Why nowadays Phages are better than Antibiotics?

Antibiotics are chemicals capable to kill bacteria. They work in a way that disrupts processes that bacteria need for survival. Many antibiotics can kill many different species of bacteria because these processes are common in most bacteria species. Modern antibiotics revolutionized medicine and they are capable to stop most bacterial infections, but well-developed phages could be even better than wide spectrum antibiotics.

If we use phages specialized only for certain species of bacteria those phages will not harm beneficial bacteria which we have in our guts. Beneficial bacteria make approximately 4 pounds of our total body weight. These microbes are extremely important for our health; they make nutrients that we can’t make without them. Most antibiotics kill all bacteria whether they are beneficial or not. The use of antibiotics kills beneficial gut bacteria too. Each type of phage, on the other hand, was adapted to kill just a specific family of bacteria. Phage kills with a narrow scope, and because of that, they will not kill beneficial bacteria in our bodies.

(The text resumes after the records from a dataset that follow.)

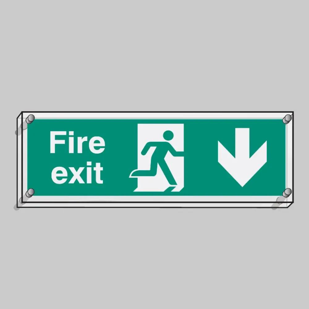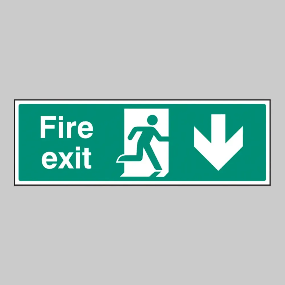 Besides guiding people safely, Fire Exit Down signs assist property owners in complying with fire safety codes and regulations, which often mandate clear, visible exit signage. Displaying these signs helps demonstrate that the building meets safety standards and reduces liability risks in case of emergencies.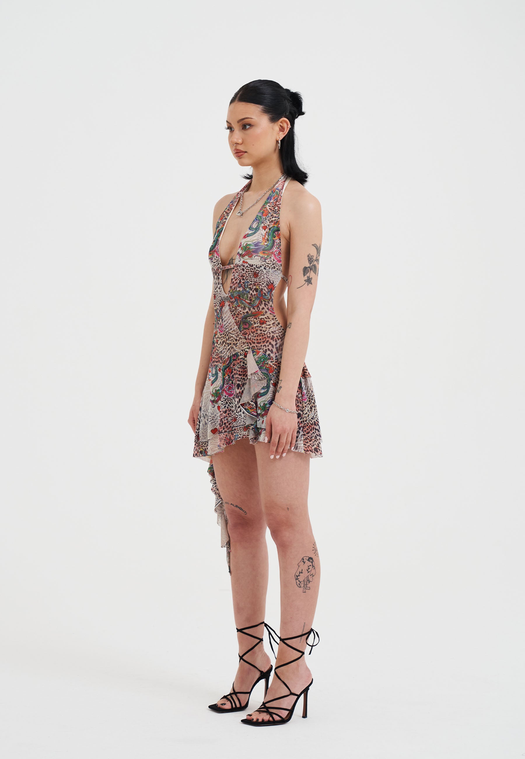 LEOPARD DRAGON HALTHER NECK MINI DRESS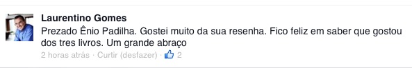 Laurentino Gomes tem realizado um belÃssimo trabalho no sentido de reduzir esse flagelo. Ele escreve livros de história com profundidade e rigor, mas dá aos seus livros uma abordagem jornalÃstica emoldurada por uma linguagem cinematográfica.
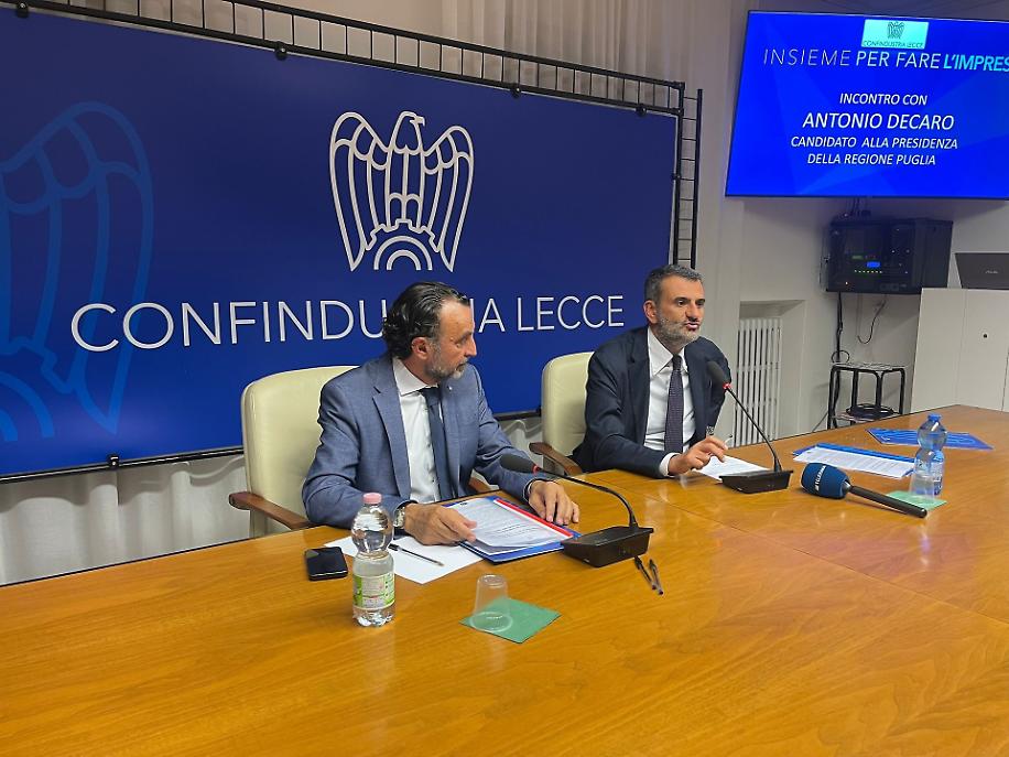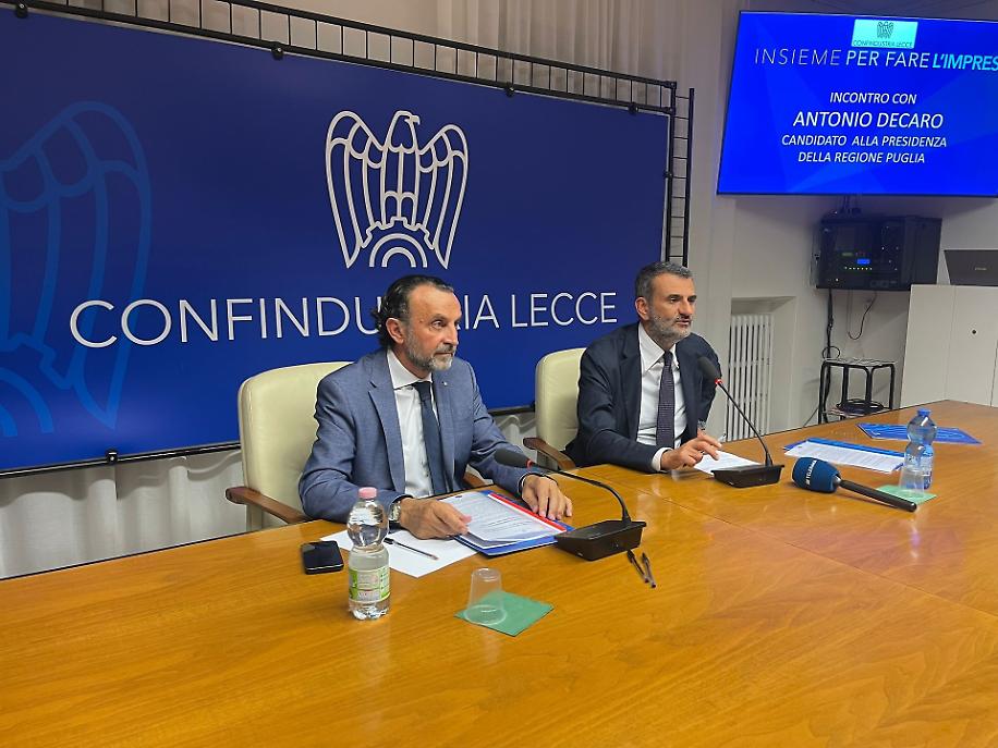 LECCE - Un confronto aperto e partecipato quello che si è svolto mercoledì pomeriggio a Lecce tra Antonio Decaro, candidato della coalizione progressista alla guida della Regione Puglia, e gli imprenditori di Confindustria Lecce. L’incontro ha offerto l’occasione per discutere delle strategie di sviluppo economico del territorio, con particolare attenzione alle filiere produttive, alla transizione energetica, alla gestione delle risorse idriche, alla tutela ambientale e al potenziamento delle infrastrutture logistiche e di trasporto.

The second reason why we should use phages is that phages are capable to destroy antibiotic-resistant bacteria. It is very hard for bacteria to develop resistance against the way how phages kill bacteria. It is much easier for bacteria to develop resistance to antibiotics. Phages kill bacteria by piercing the bacterial membrane with their needle and inserting all the genetic code into the bacterium. The bacterium then produces more and more phages which then erupts the bacterium from the inside and comes out which leads to the decay of the bacterium. Also, many bacteria have biofilm which is a thick layer of viscous materials with a purpose to protect bacteria from antibiotics. This defense mechanism doesn’t work against phages; phages are capable to digest bacterial biofilm.